▶ Problem to solve: A faithful copy is needed of the lines below from the one with "This Citrus Fruit" up to and including the one with "送爱人 送闺蜜 五星推荐实物拍摄品质如一!"; set it down with no pictures and no other lines.

▶ Data for processing:
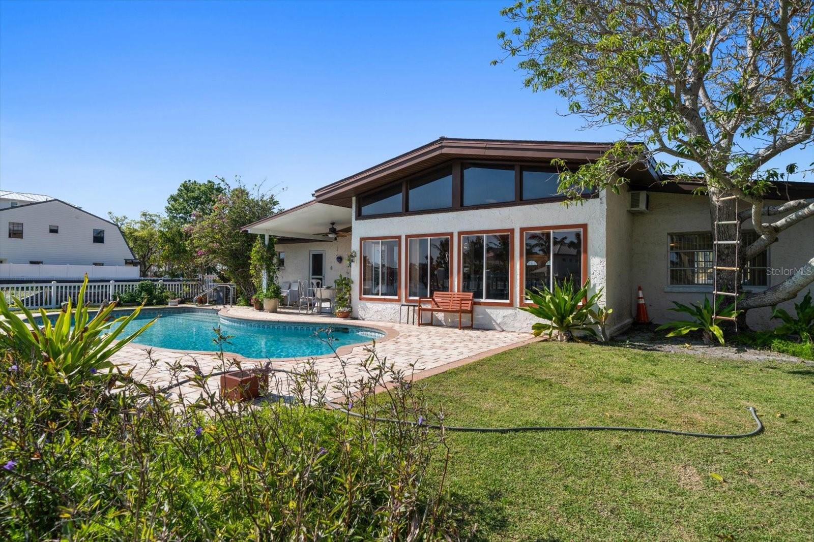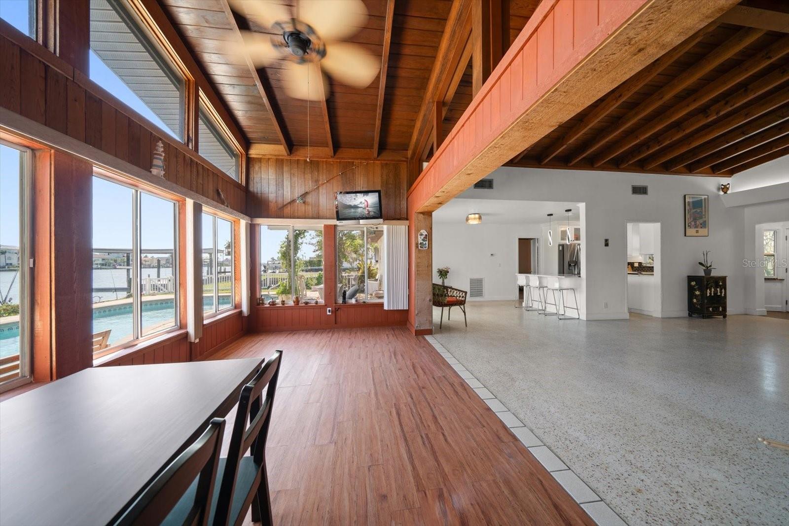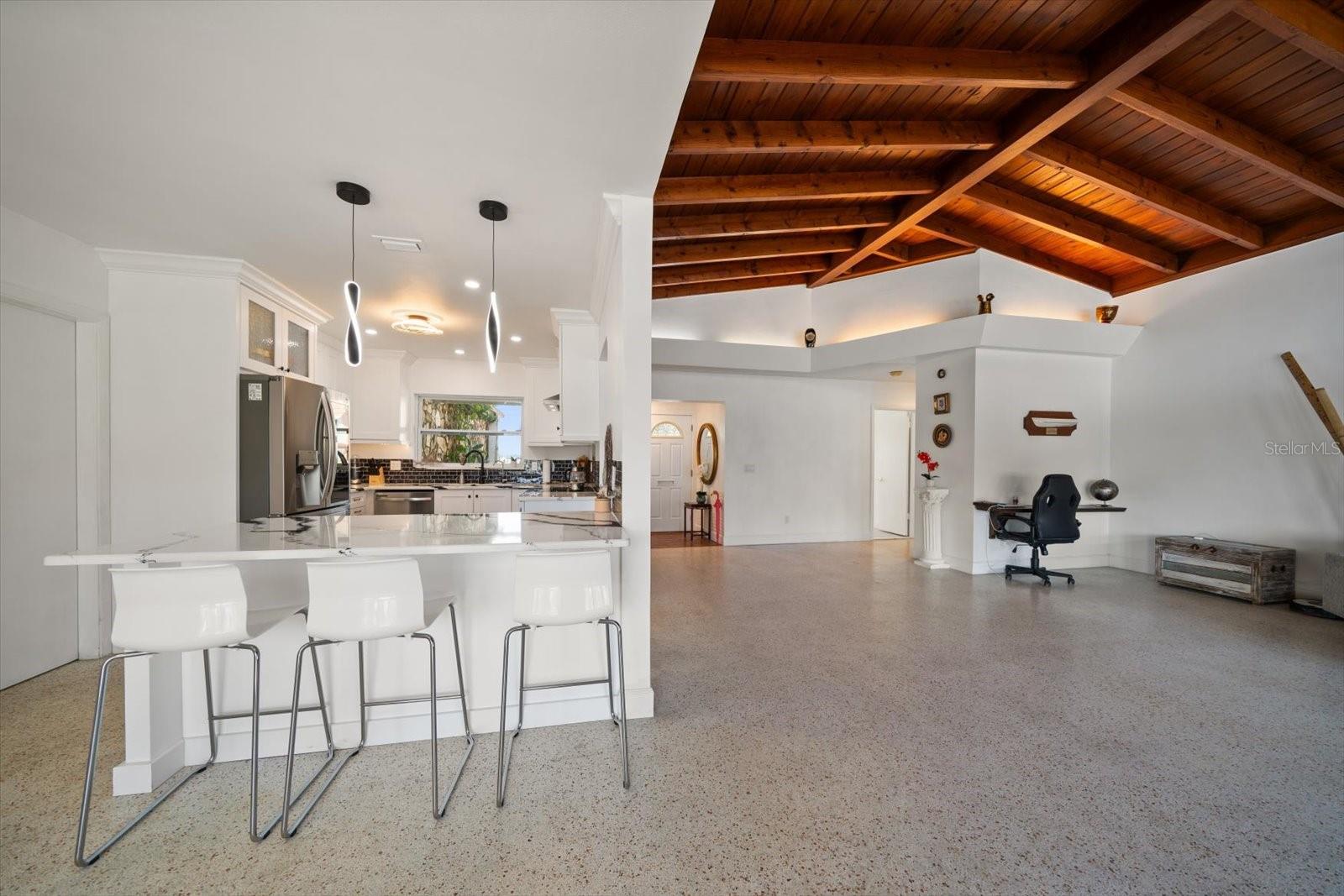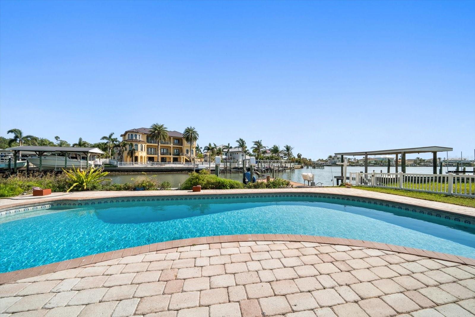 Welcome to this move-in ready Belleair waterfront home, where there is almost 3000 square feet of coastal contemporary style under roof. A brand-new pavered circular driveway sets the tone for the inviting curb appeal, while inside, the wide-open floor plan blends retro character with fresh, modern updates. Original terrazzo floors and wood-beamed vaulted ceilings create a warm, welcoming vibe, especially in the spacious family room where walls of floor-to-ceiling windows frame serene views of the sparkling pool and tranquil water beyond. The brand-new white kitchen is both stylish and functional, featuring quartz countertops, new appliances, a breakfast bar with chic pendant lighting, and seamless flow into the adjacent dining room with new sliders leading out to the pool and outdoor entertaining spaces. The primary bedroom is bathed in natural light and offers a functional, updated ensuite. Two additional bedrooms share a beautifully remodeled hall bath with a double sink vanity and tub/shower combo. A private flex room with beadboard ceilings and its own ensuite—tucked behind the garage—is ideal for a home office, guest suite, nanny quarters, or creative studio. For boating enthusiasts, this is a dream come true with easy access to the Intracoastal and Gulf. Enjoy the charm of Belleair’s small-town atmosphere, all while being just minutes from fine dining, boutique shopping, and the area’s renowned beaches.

---

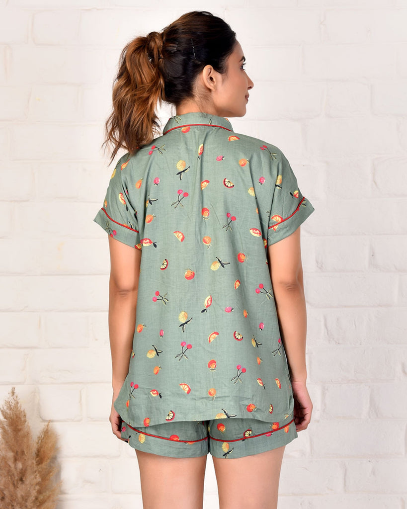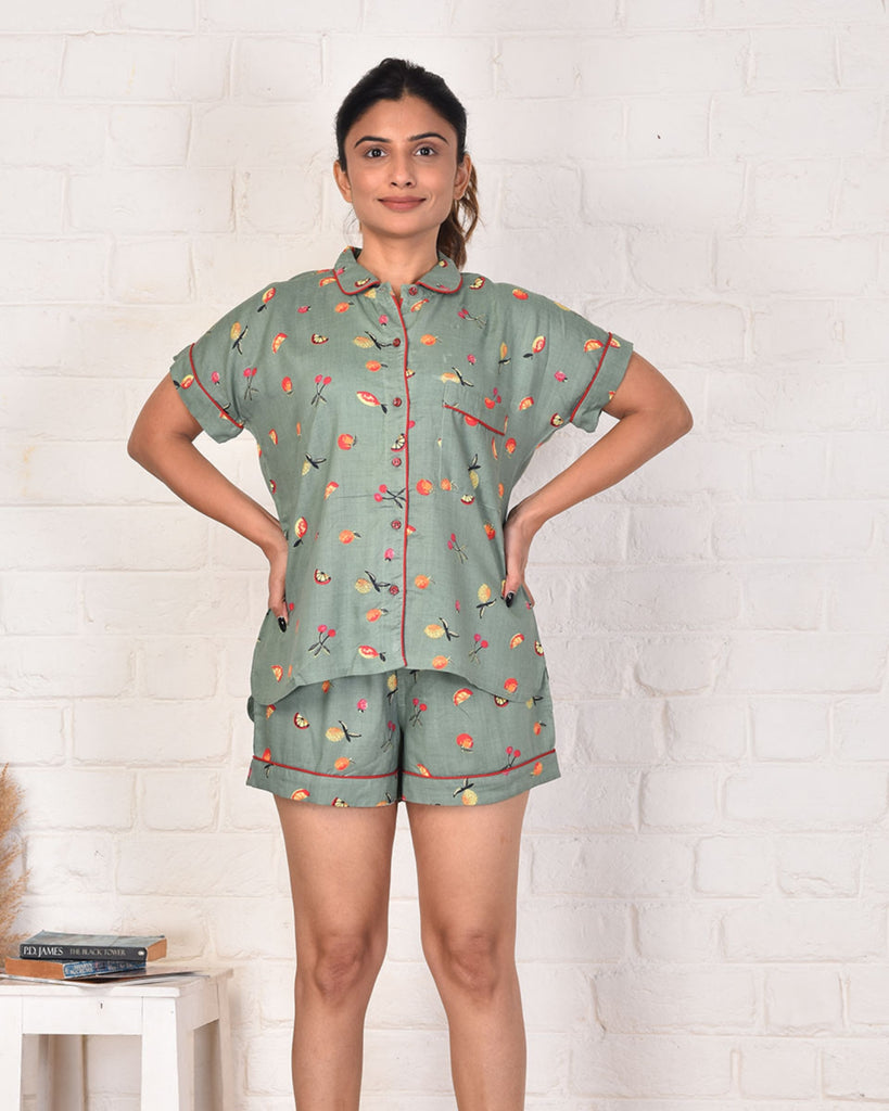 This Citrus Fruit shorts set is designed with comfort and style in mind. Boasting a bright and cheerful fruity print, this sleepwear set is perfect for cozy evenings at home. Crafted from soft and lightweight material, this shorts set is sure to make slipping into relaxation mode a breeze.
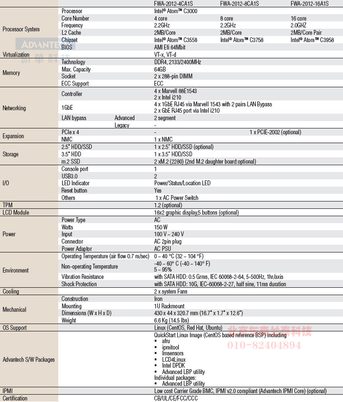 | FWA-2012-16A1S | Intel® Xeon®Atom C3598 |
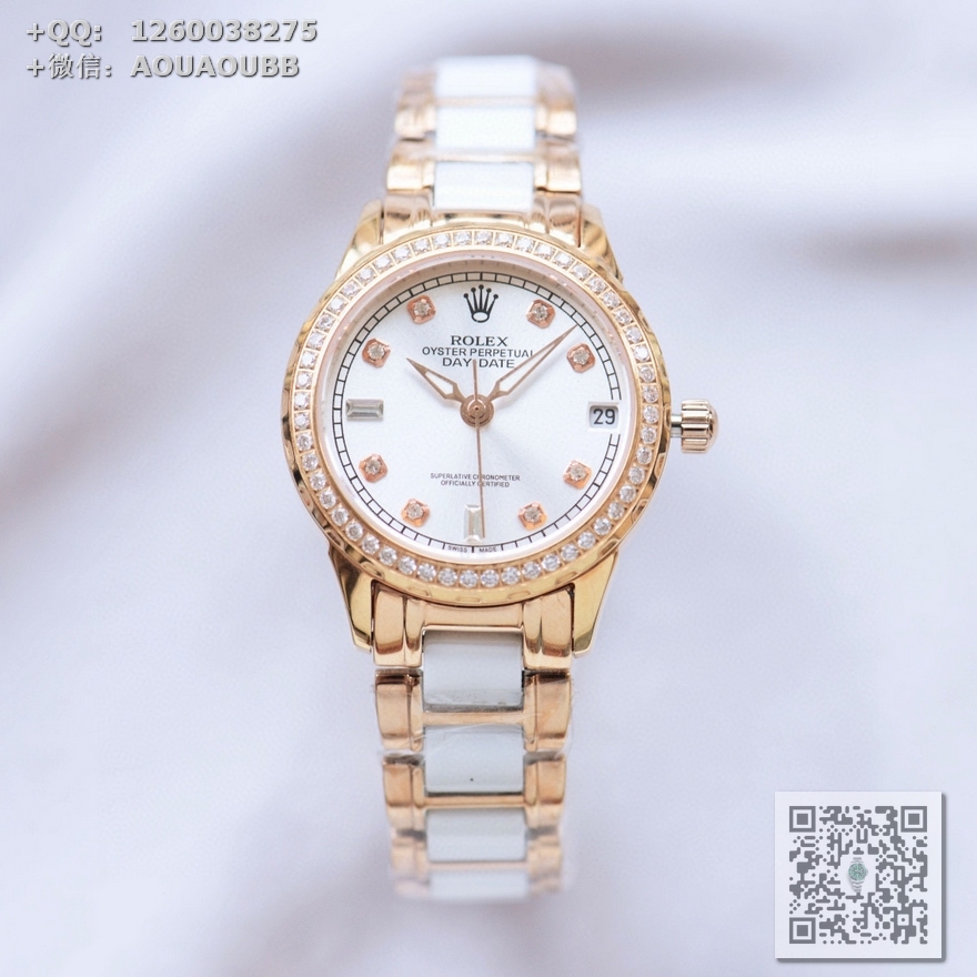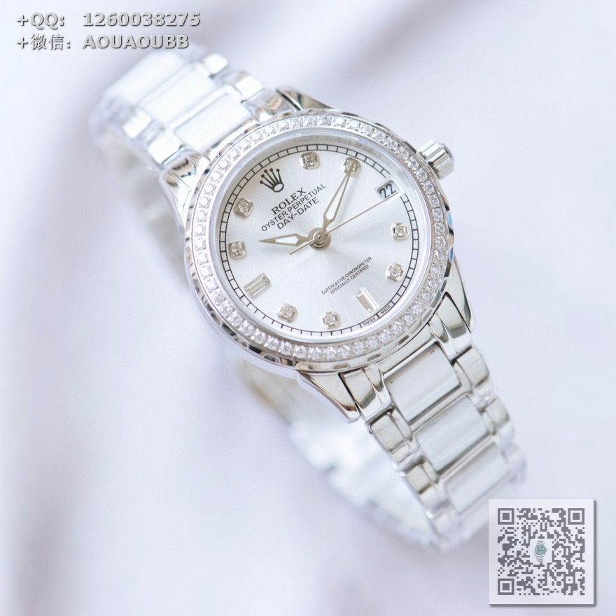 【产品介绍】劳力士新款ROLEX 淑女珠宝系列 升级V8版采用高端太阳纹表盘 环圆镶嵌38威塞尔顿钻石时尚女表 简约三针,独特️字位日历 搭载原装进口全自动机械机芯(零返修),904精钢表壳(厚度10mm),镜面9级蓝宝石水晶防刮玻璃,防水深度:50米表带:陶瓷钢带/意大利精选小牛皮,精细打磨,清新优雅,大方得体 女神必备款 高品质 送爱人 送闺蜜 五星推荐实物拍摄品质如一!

...

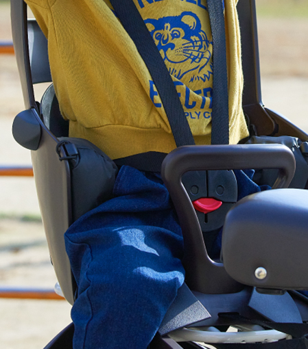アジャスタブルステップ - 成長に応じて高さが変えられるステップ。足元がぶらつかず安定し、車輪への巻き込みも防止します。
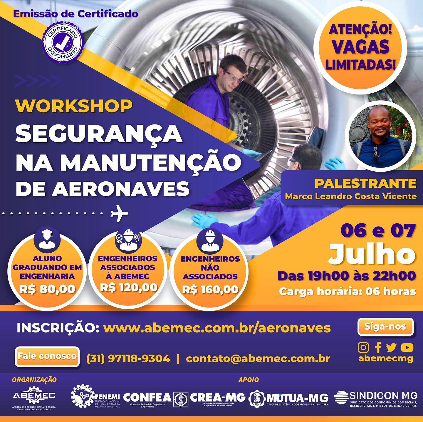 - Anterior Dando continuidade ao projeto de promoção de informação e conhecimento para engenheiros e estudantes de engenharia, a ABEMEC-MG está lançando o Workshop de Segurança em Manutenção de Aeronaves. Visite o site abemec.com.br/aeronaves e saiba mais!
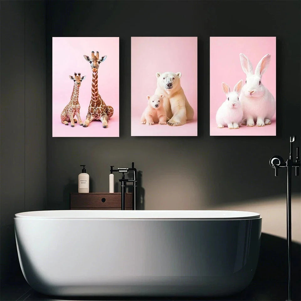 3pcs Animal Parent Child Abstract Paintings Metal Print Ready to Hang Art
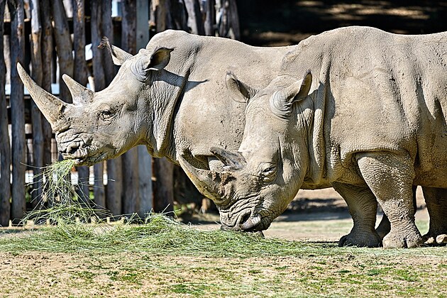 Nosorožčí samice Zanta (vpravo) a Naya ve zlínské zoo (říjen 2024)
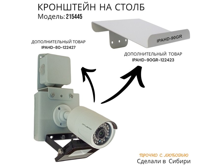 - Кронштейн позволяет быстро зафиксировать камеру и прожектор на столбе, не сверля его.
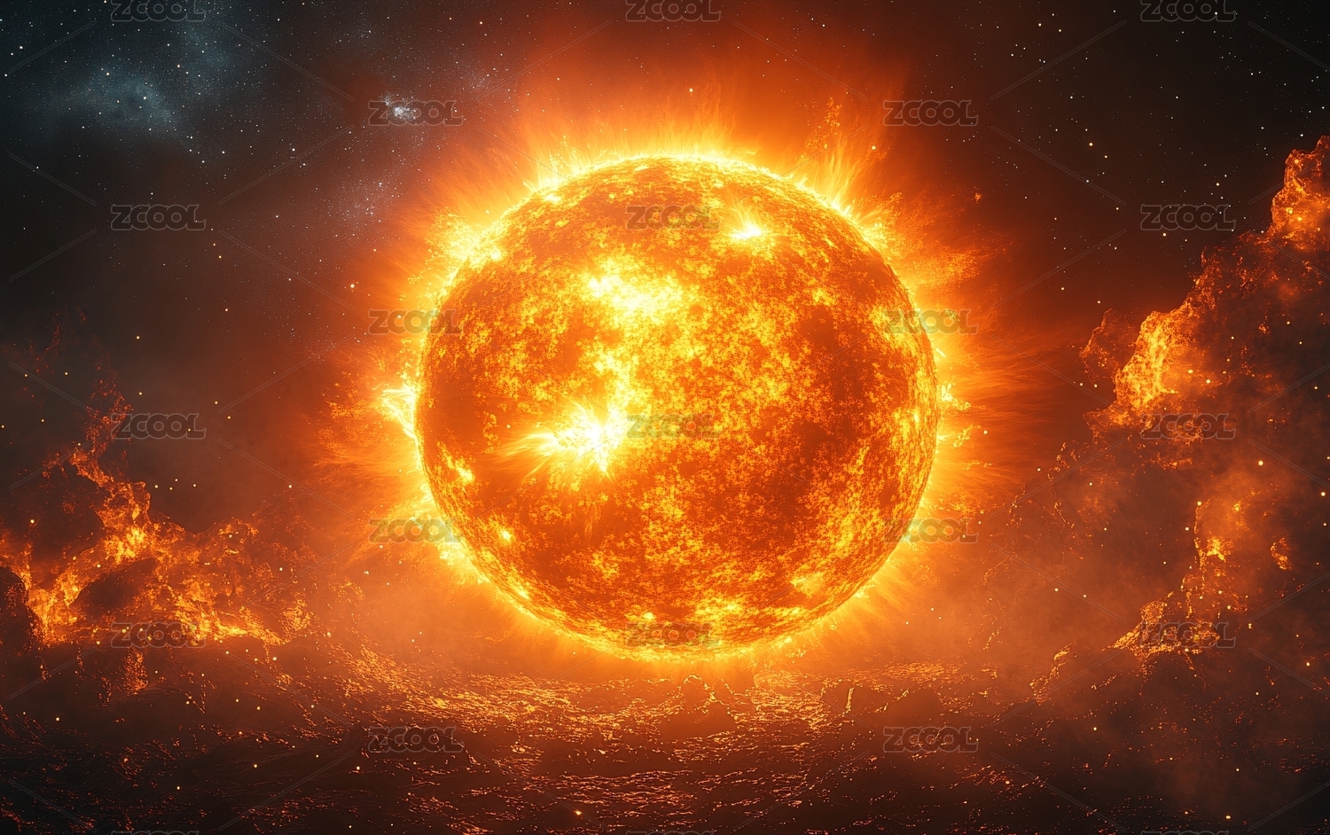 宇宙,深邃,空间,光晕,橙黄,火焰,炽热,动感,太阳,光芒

▶ Output below:
 This Citrus Fruit shorts set is designed with comfort and style in mind. Boasting a bright and cheerful fruity print, this sleepwear set is perfect for cozy evenings at home. Crafted from soft and lightweight material, this shorts set is sure to make slipping into relaxation mode a breeze.
 | FWA-2012-16A1S | Intel® Xeon®Atom C3598 |
 【产品介绍】劳力士新款ROLEX 淑女珠宝系列 升级V8版采用高端太阳纹表盘 环圆镶嵌38威塞尔顿钻石时尚女表 简约三针,独特️字位日历 搭载原装进口全自动机械机芯(零返修),904精钢表壳(厚度10mm),镜面9级蓝宝石水晶防刮玻璃,防水深度:50米表带:陶瓷钢带/意大利精选小牛皮,精细打磨,清新优雅,大方得体 女神必备款 高品质 送爱人 送闺蜜 五星推荐实物拍摄品质如一!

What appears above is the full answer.